Review of 2023

Annual Review: 2023

Once again the end of the year is here, and it is time for my usual annual reflection on thoughts and activities throughout the year.

Symptoms

My key word for symptoms for 2023 is mobility. During 2023 I started taking baclofen. I feel like my walking speed is slower, and perhaps part of that is my increased acceptance of how I'm changing - choosing to walk at my own speed rather than other peoples speeds. I have had a couple of comments from people later in the year how my walk seems better. It is too early to say if the improved gait is a result of the baclofen, me walking slower, me being more accepting of this stage of life, some combination, or other factors!

Otherwise, the pattern of recent years has continued - more fatigue, needing to use my arms more, needing to sit down more often, and a bit of depression in the background. I noted last year that the baclofen start point should have been when I started to find things difficult to do rather than just slower. I'm not really sure which changes/factors made me realise that I was at this point.

For 2024 my thoughts are likely to revolve around determining when to start using more visible mobility aids, when to apply for a blue badge, and when to start declaring myself as being disabled.  

This Blog

I'm pleased with the continuing readership of this blog. My audience is similar, and there are similar popular posts. Posts continue to be linked to and used within other HSP and RareDisease communities. Thank you to everyone who reads, including people making comments appreciating what I say. Such feedback reinforces the reasons for writing the blog. During the year I've been also posting details of blog posts on Facebook, which may get a slightly broader audience. 

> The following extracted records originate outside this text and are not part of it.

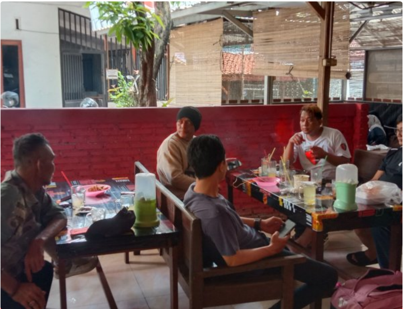
KOMUNITAS WARTAWAN LOKAL (KAWAL) Rakor Program Kerja

BANYUMAS - Komunitas Wartawan Lokal (Kawal) di Banyumas, mengadakan kegiatan Silaturahmi dan Rapat Koordinasi yang fokus pada penguatan peran pers dan penyusunan program kerja, Sabtu (31/01/2026).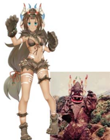
(C)円谷プロ (C)「怪獣娘(ウルトラ怪獣擬人化計画)」製作委員会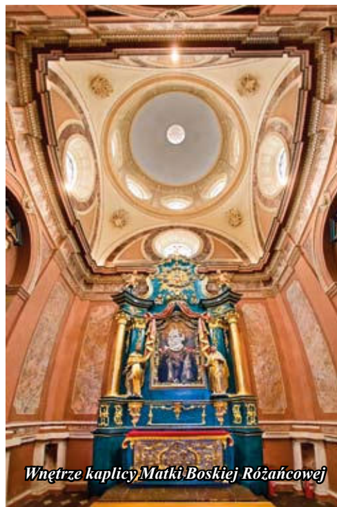
Wnętrze kaplicy Matki Boskiej Różańcowej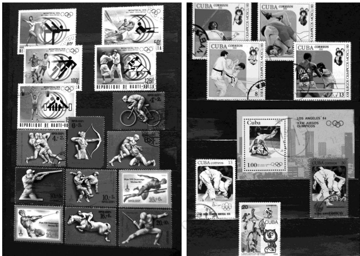
Fot. 17. Serie „preolimpijskie” Republiki Górna Wolta (1975) i ZSRR (1977) / Photo 17. Preolympic series of Republic de Haute-Volta (5 v., 1975) and CCCR (1977)

z Umm-al-Qiwain o nominale 1 riyal, wiele znaczków kubańskich i wiele innych. Na fot. 18 pokazano stronę klasera ze znaczkami kubańskimi z IO w Montrealu, Moskwie i Los Angeles oraz z V Igrzysk Sportowych Studentów Ameryki Środkowej i Karaibów (20 correos, 1986 r.), gdzie jūdō jako sport (wyobrażenie walczących dzudoków) pojawia się obok 4 innych dyscyplin sportu.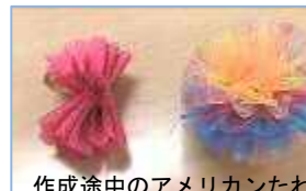
作成途中のアメリカンたわし

まず6枚のチュールを重ねて真ん中から縫い合わせ、糸をきゅっとひっぱって縛り1枚ずつお花のように広がっていきます。一度広げたらさらにもう一度ふわっと広げる作業を繰り返して、最後は丸いボール状になるようにハサミ切りそろえて完成です。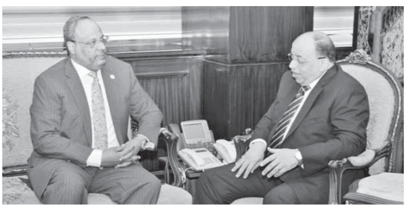
وزير التنمية يستقبل السفير الإماراتي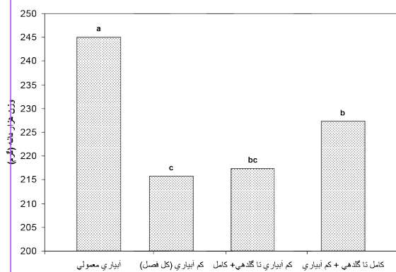
شکل ۳- اثر روش آبیاری بر وزن هزار دانه (میانگین های دارای حروف مشابه از نظر آماری اختلاف ندارند (دانکن \alpha=0/01 )).

** و * به ترتیب معنی داری در سطح ۱ و ۵ درصد n=48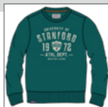
RF 855 cadmium green ID: 20925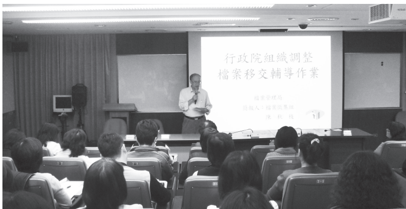
圖1——本局於99年11月24日辦理行政院組織調整檔案移交作業說明會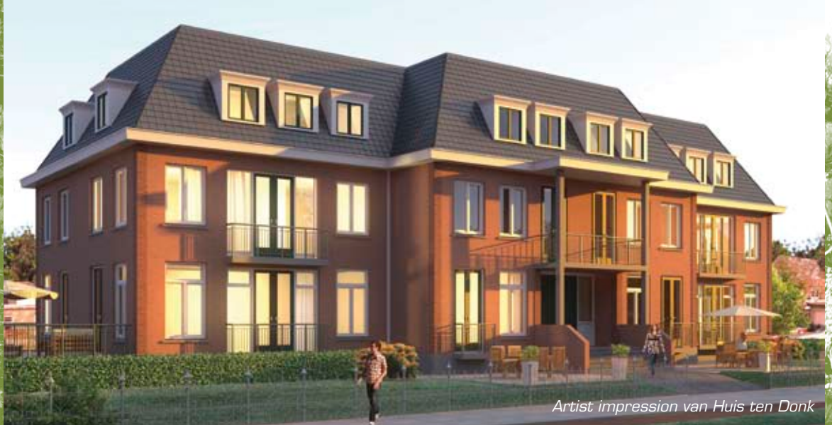
Artist impression van Huis ten Donk

Al jaren biedt de binnenkomst in het Molenlaankwartier, komend vanuit het zuiden, over de Irenebrug, een bedroevende aanblik, die bepaald niet representatief genoemd kon worden voor de rest van de wijk. Aan linkerkant bevond zich op de hoek van de Molenlaan en de Terbregse Rechter Rottekade een bloemenwinkel, gevestigd in een bouwvallig onderkomen van golfplaten en rietschermen. Aan de rechterzijde, in de bocht van de Rotte, een braakliggend terrein in gebruik als openluchtshowroom voor tweedehands auto's.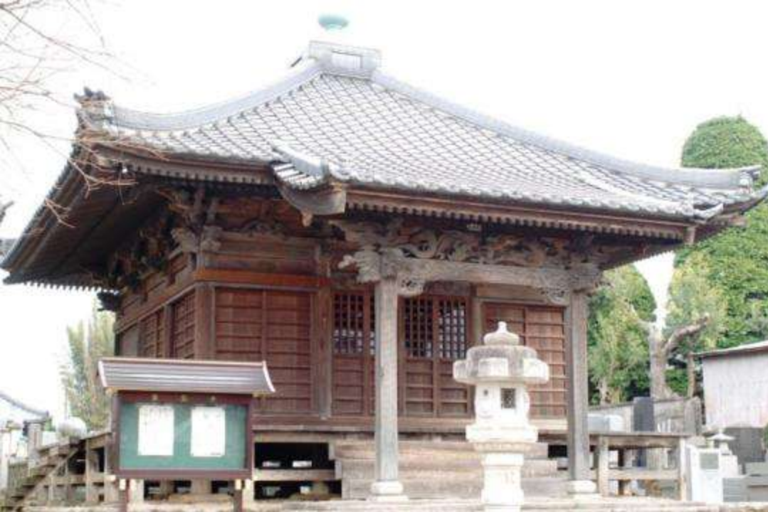
方位十二支の彫刻を備えた不動堂 (天保11年・下宿町通り・密弘寺)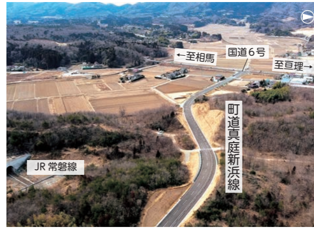
▲全線で開通した町道真庭新浜線(令和4年3月撮影)

町内で整備する避難路のうち、唯一の新設改良工道路線として整備を進めてきた町道真庭新浜線(仮称 新浜諏訪原線)の国道交差点接続工事が完了し、3月30日に全線で供用を開始しました。 本路線は、平成26年度に事業採択を受け、埋蔵文化財の調査や道路整備工事を進め、計画策定から約8年の年月を費やし、今回の完成に至りました。 本路線の供用により、災害時の避難路としての役割のほか、沿岸地域から国道6号へのアクセス性が向上され、安全で利便性の高い道路ネットワーク形成に寄与することが期待されます。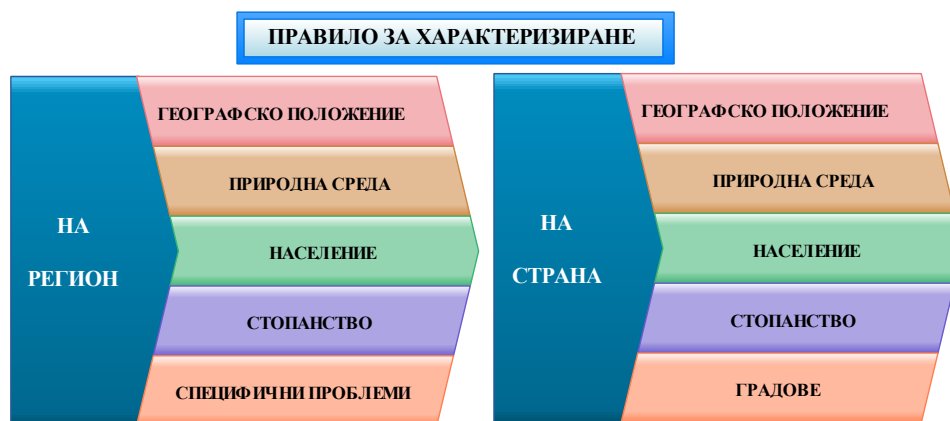
Фиг. 1. Правило за характеризирание на регион и страна по учебна програма (в сила от учебната 2018/2019 год.)

характеризиране на градовете, в контекста на традиционните географски алгоритми. Новата реалност въвежда понятието правило за характеризирание на регион и страна, заменяйки понятието алгоритъм . Общо са предложени 10 страни за изучаване: Европа – Германия, Франция и Русия; Азия – Япония, Китай, Индия; Северна и Южна Америка – САЩ и Бразилия; Африка – Република Южна Африка; Австралия и Океания – Австралийски съюз. [6]

As noted in last years review, a consequence of depression is less enthusiasm for writing posts. Readers with an eye for detail may note that blog posts have tended to come out near the end of each month.

Survey

Whilst the annual pattern of my surveys is well established, I have not organised one for 2023. I am planning to write a summary paper covering highlights of all ten surveys undertaken 2013-2022 to be ready for rare disease day in 2024. The reason for this is to do with the amount of stuff going on in my life. I hope to be back for a new survey in 2024.

Community Contribution

HSP Community activities for 2023 included:

• Representing the UK at EuroHSP
• Carrying on with the Enable disability network at work
• Involvement with the ED&I group at the Institute of Acoustics
• Conversations/interviews with people about my HSP 
• Analysing and reporting the results of my survey to share with the HSP world

The main element of my community contribution is once again from being chair of the HSP support group, despite my decreased enthusiasm at times. In 2023 we've started having regular trustee meetings (rather than having them in response to activities). The trustees and I are working to ensure that the group continues to support its members in the most appropriate way - please reach out to help us.

Knowledge

My review each year makes a comment about new knowledge gained in the year. Basically I don't feel like I've spent much time looking into new things. I know that the research teams are all progressing with their work, and that might yield some new HSP treatment choices soon.

Outside of the HSP world, I'm continuing to hear second hand, third hand, or social media views expressed on/about disability. I'm reminded that I am in quite a privileged position, and that most of the able-ist views don't affect me directly. It is very easy to see how these views can result in large negative impacts on people, and it's a positive for me to have my weird stubbornness/optimism blend!